In return, the DNAinfo article relies mainly on a single source, and dutifully skates over some of the controversial issues raised by this building, including:
  • the drastic discontinuity of scale between the tower and four-story neighbors on Dean Street
  • the original plan to build one block north, over the railyard,
  • objections by neighbors to the location (across the street from the arena, and very close to a fire station, thus potentially entangling emergency vehicles)
  • location near the arena loading dock
  • the fact that the east end of the arena right opposite the school is designated to serve as a venue entrance should the B1 tower be built over the plaza
The public meeting, the bi-monthly Community Update meeting, is tonight at 6 pm at 55 Hanson Place.

From the article

The article begins:
As work begins on a sixth residential tower at the Atlantic Yards/Pacific Parkcomplex, locals are getting a first glimpse of the 26-story building and the public school being built on its ground floor, developers announced Wednesday.
A rendering of the building, 664 Pacific St., by architect Jonathan Marvel shows a geometric facade, mostly in grayscale brick with several planted terraces and rust-colored accents reminiscent of the Barclays Center located across the street.
The building, known as tower "B15" within the 22-acre Atlantic Yards/Pacific Park complex, will include more than 300 market-rate residential units and a seven-story, 616-seat public school on the first floor, said developer Greenland Forest City Partners.
According to the new plan, which will be unveiled in full at a community meeting Wednesday night, the school’s entrance will be on Sixth Avenue between Pacific and Dean streets, separate from the residential entrance around the corner on Pacific Street.
Note that B15, even if 26 stories, is slated to rise 272 feet. The developer has already shown a willingness to fudge some height issues, claiming that the 202-foot B11 tower is 17 stories, while it's at least 19 stories.

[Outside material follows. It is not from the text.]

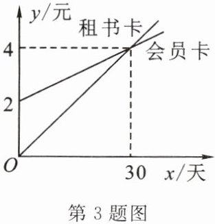 3. 我市图书馆的租书业务有两种方式:会员卡和租书卡,分别使用这两种卡租书的租金$y$(元)与租书时间$x$(天)之间关系如图所示.当租书时间为50天时,采用

Again, note the issues missing from this coverage.

The derivation of the school

The article continues:
In addition to seven floors of classroom space — spread over five above-ground levels and two subterranean floors — the school’s design includes a 3,000-square-foot “play yard” on the building’s fourth floor and a 2,100-square-foot open space on the ground floor, located to the east of and behind the new building.
The rendering shows the fourth-floor play yard on the southwest corner of the tower, partially enclosed by the facade, but allowing for access to the outdoors by way of several large, rectangular cut-outs in the brick.
GFCP committed to building the school as a part of an environmental agreement made with the city in 2009. The Department of Education originally sited the school as a combination elementary and middle school, but many parents and elected officials in the neighborhood pushed the department to dedicate all 616 seats to middle school students.
Note that the use of the school--mixed, or just middle-school--remains unresolved.

Actually, the commitment to build a school--not necessarily one in this tower--was made as part of the 2009 Modified General Project Plan, which is a state agreement, with Empire State Development, and later followed up in the Second Amended Memorandum of Environmental Commitments. From the MGPP:
At the option of the New York School Construction Authority, the New York City Department of Education or other appropriate agency (collectively, the "DOE"), FCRC will be obligated to construct, on the Phase II Site, at the expense of DOE, a public school (the "School") comprised of approximately 100,000 square feet in the base (starting on the ground floor and located on contiguous floors) for such grades as determined by DOE based on need. The exact configuration of the School would be determined by mutual agreement of DOE and FCRC. It is expected that the School would be located in Building 5 or a suitable alternative, as mutually agreed by DOE and FCRC.
As noted, Building 5, which would have been over the railyard, has been replaced by Building 15, as mentioned in the second document.

Note that the presence of a school is not a gift from the developer. It is, to quote the Second Amended Memorandum of Environmental Commitments, a "mitigation for the projected significant adverse impact to the supply of elementary and intermediate school seats."